= Francis X. Lawlor =

American priest and politician (1917–2013)

Francis X. Lawlor (1917 – November 5, 2013) was an American Roman Catholic priest and politician notable for his advocacy against racial integration in Chicago.

==Biography==
Lawlor was born 1917 in The Bronx. He professed his vows in the Augustinian Order in 1938 and was ordained as a priest in 1945. He taught at St. Rita of Cascia High School in Chicago from 1946 until 1968. At the time, the school was located in Marquette Park, a then-racially segregated, all-white neighborhood.

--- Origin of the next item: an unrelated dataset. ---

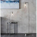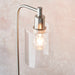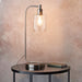 A modern table light for contemporary interiors. Brushed nickel finish with clear glass shade and inline switch.

Lawlor came to prominence as the head of a coalition of white block clubs that fought against Black Chicagoans moving west of Ashland Avenue. Lawlor would later claim his efforts were to prevent white flight. His advocacy brought him into conflict with Archbishop of Chicago John Cody.

In the 1969 Illinois election he was elected as one of two delegates to the Illinois Constitutional Convention from the 25th legislative district. In the 1971 Chicago City Council election, Lawlor defeated Paul Sheridan, the incumbent 16th ward Alderman who had moved from the majority-black 16th ward to the majority-white 15th ward. Lawlor succeeded the late Joseph Kriska.

The 15th ward at the time included all or parts of Marquette Park, West Englewood, and Ashburn. Lawlor joined the anti-Daley voting bloc once on the City Council. He left after a single term to challenge Democratic candidate John G. Fary for Illinois's 5th congressional district in the 1975 special election. Lawlor, as the Republican candidate, lost to Fary.

After his term on the Chicago City Council, he served as the Pro-life Director for the Diocese of Rockford from 1976 to 1984 and Director of Moral Decency in Media from 1984 to 1992. He resided in semi-retirement in St. Louis from 1994 to 2005. In 2010, he moved to Franciscan Village in Lemont, Illinois. He died of congestive heart failure on November 5, 2013.